In the UK most dual carriageways/expressways feature almost all of these things except driveway acess.


----------



## ChrisZwolle (May 7, 2006)

Yes, and they are not a motorway for that reason


----------



## Messi (Nov 18, 2007)

ChrisZwolle said:


> Most 2x2 expressways in Turkey cannot be considered motorways or motorway-like roads. They frequently feature driveway access, roundabouts, traffic lights, etc.


The essential main routes have indeed motorway quality. By main routes I mean expressways such as the Black Sea Expressway connecting Ankara along the whole Black sea coast to Georgia, or Ankara-Eskisehir-Bursa route connecting Ankara to the Industrial region of southern Marmara.

Would you not classify the black sea express way as a motorway?


----------



## italystf (Aug 2, 2011)

So, you can drive all the way from Istanbul to Georgia only by motorways?


----------



## ChrisZwolle (May 7, 2006)

Most of these roads are motorway-like between cities; 2x2 lanes, median, barriers, shoulders, etc. However, the main problem that doesn't classify them as motorways are the fact that not all intersections are consistently grade-separated. Side-roads may dead-end on these roads, or there may be roundabouts or traffic lights near cities. However, there is certainly a considerable amount of roads in Turkey that can be considered motorways.


----------



## Messi (Nov 18, 2007)

italystf said:


> So, you can drive all the way from Istanbul to Georgia only by motorways?
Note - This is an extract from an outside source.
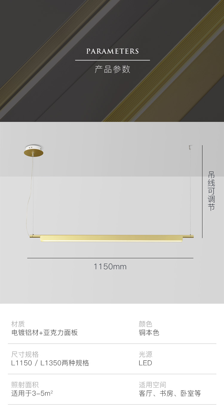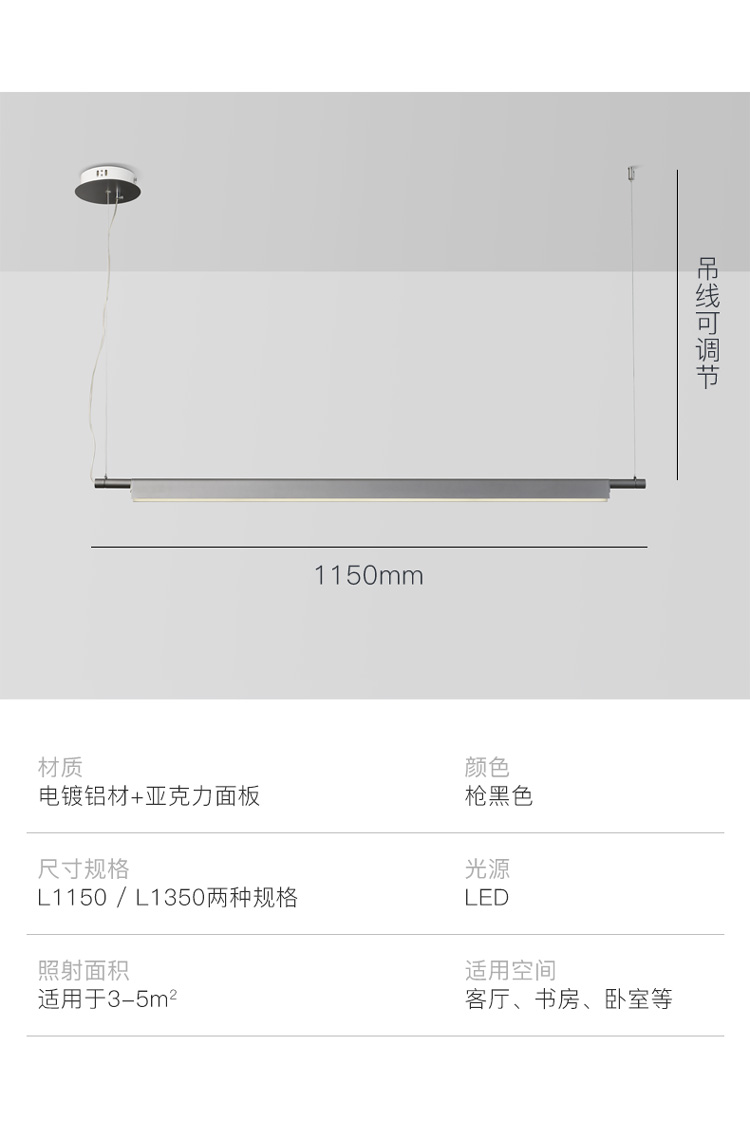 1.2米,1.5米,1.8米三種長度的吊燈

Actually from Bulgarian border until Georgian Border. You must drive Istanbul via Ankara and to the north again. From Bulgarian border until Ankara it is 3x2 and from Ankara to Georgian border it is 2x2.



> Most of these roads are motorway-like between cities; 2x2 lanes, median, barriers, shoulders, etc. However, the main problem that doesn't classify them as motorways are the fact that not all intersections are consistently grade-separated. Side-roads may dead-end on these roads, or there may be roundabouts or traffic lights near cities. However, there is certainly a considerable amount of roads in Turkey that can be considered motorways.


That's true. You can drive like for several hours like on a motorway but when you approach a city then suddenly you have traffic light, roundabouts etc.. and as soon as you leave the city you have motorway standard agin. I think the reason for that (at least for the black sea and mediterranean express ways) there is no space for ring roads around the cities since on the one side you have the sea and on the other side the mountains. You needed to build a bridge over the sea which would destroy the coastal area and would be expensive or you must dig several tunnels through the mountains and that would increase the total cost immensely as well. Thus I guess they decided to go through cities. We can say that the motorways end shortly before the cities begin and start again when you leave the cities. That would be a fair description


----------



## PhirgataZFs1694 (Feb 5, 2010)

The dream is officially dead already...hno:


----------



## PhirgataZFs1694 (Feb 5, 2010)

PhirgataZFs1694 said:


> The dream is officially dead already...hno:


And another blow


----------



## mitasis (Feb 21, 2007)

From a greek point of view: There is also a possibility of driving to Istanbul from western Europe by using the Greece-Italy ferry crossing. This contains just full motorway standards (Until Bari in Italy full motorway, from greek port of Ionian sea, Igoumenitsa until greek turkish borders with A2 full motorway) except the part from greek turkish borders until Silivri (80 km from Istanbul) which is a 2X2 nice road but not a motorway. From Silivri to Istanbul its a full motorway. I hope soon Turkey will announce a motorway from Silivri until greek turkish border in Ipsala and extension to Canakkale-Izmir inculding a Dardanelles bridge


----------